The inspector of borders and immigration was sacked recently by Home Secretary James Cleverly and it has been revealed his department had been sitting on 13 damning reports which were published yesterday. They are a catalogue of failure, including the fact that staff at Stansted have complained their workload has increased 400% since Brexit. I assume elsewhere too.
The inspector, David Neal, said protection of the border was “neither effective nor efficient” due to “distractions, ineffective and inconsistent deployment of resources, lack of communications equipment, poorly configured arrival halls, and poor data” at passport e-gates which could be exploited.
In every sector, the government boasts of creating a ‘world-leading’ whatever but they don’t want to employ the staff or provide adequate resources to achieve it.

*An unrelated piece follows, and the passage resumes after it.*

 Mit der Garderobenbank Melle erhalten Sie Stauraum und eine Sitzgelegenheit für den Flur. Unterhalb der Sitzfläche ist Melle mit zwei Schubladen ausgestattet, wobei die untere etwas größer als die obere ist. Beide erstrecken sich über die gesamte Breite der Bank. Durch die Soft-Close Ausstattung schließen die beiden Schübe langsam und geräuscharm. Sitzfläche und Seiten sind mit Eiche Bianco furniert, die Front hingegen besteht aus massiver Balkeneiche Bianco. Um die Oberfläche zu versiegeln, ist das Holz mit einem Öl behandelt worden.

On 16 November 2016 the former permanent secretary at the Foreign Office, Sir Simon Fraser, gave evidence to the Exiting the EU Select Committee. He was questioned by Dominic Raab who
Another great Raab clip, this one from 2016. It appears he and and other senior Brexiters took us out of the customs union without understanding any of the ramifications of that - or even seemingly what the customs union is:pic.twitter.com/3JuiS48o3M
— Nick Tyrone (@NicholasTyrone) April 22, 2023
Raab said: "I was caught by your suggestion that civil service headcount or the numbers have to stay in place after we leave the EU. I was rather jarred by that because presumably there is a significant countervailing reduction in bureaucracy and regulation as a result of leaving the EU."

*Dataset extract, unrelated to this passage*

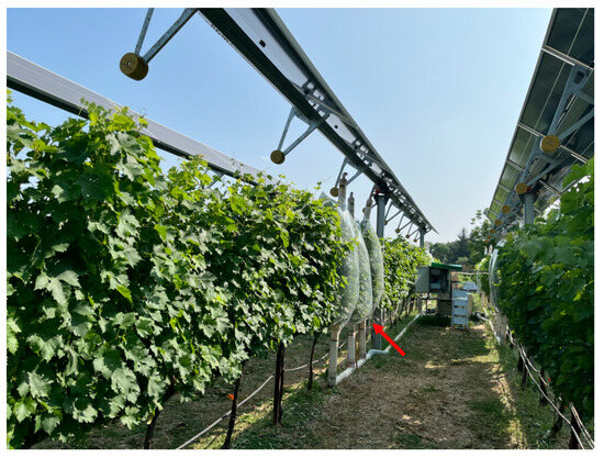 - Ahn, S.Y.; Lee, D.B.; Lee, H.I.; Myint, Z.L.; Min, S.Y.; Kim, B.M.; Oh, W.; Jung, J.H.; Yun, H.K. Grapevine growth and berry development under the agrivoltaic solar panels in the vineyards. J. Bio-Environ. Control 2022, 31, 356–365. [Google Scholar] [CrossRef]

In his answer, Sir Simon patiently explained that more civil servants would be needed depending on what sort of Brexit we negotiated. This is him:
"If, for example, we were to decide to leave the customs union, I assume that one corollary of that would be there would need to be new regulatory arrangements put in place, and checks, for example, on goods crossing the border, and in a sense potentially a heavier bureaucratic burden on goods crossing the border."
And later:
"At the moment we participate in a trade anti‑dumping regime that is administered in Brussels. If we want—and we may not want—to exercise those sorts of functions in trade defence nationally we will have to create the capacity to do it, so there will be some transfer presumably of functions out of the European Union that we will want to preserve there."
"If we are not exercising those functions here at the moment we will have to create the capacity to do it. It is not simply a linear reduction in bureaucracy and indeed red tape, it seems to me."
As it happens we negotiated the hardest possible Brexit short of WTO rules, exiting both the customs union and the single market. Raab and his ilk were right behind it and continued to press for maximum regulatory sovereignty.
What did they think would happen?
If Raab was told this in public by a former Mandarin, you can be sure ministers were being told the same in private all through 2017 and right to the end of the trade negotiations in December 2020. It is inconceivable that they weren't aware of the direct costs that the Brexit they were negotiating would impose on the British taxpayer and British industry, to say nothing of the much larger indirect costs in foregone trade.
Moreover, if civil servants cost £35,000 on average, an extra 500,000 is going to add about £17.5 bn per year, plus office and other related costs. It would be stupid to claim this is all down to Brexit but I would be willing to bet a significant majority of it is.
When people ask where all the money has gone, tell them this is the price of sovereignty.
The funding we used to pay the EU increasingly looks like a bargain doesn't it?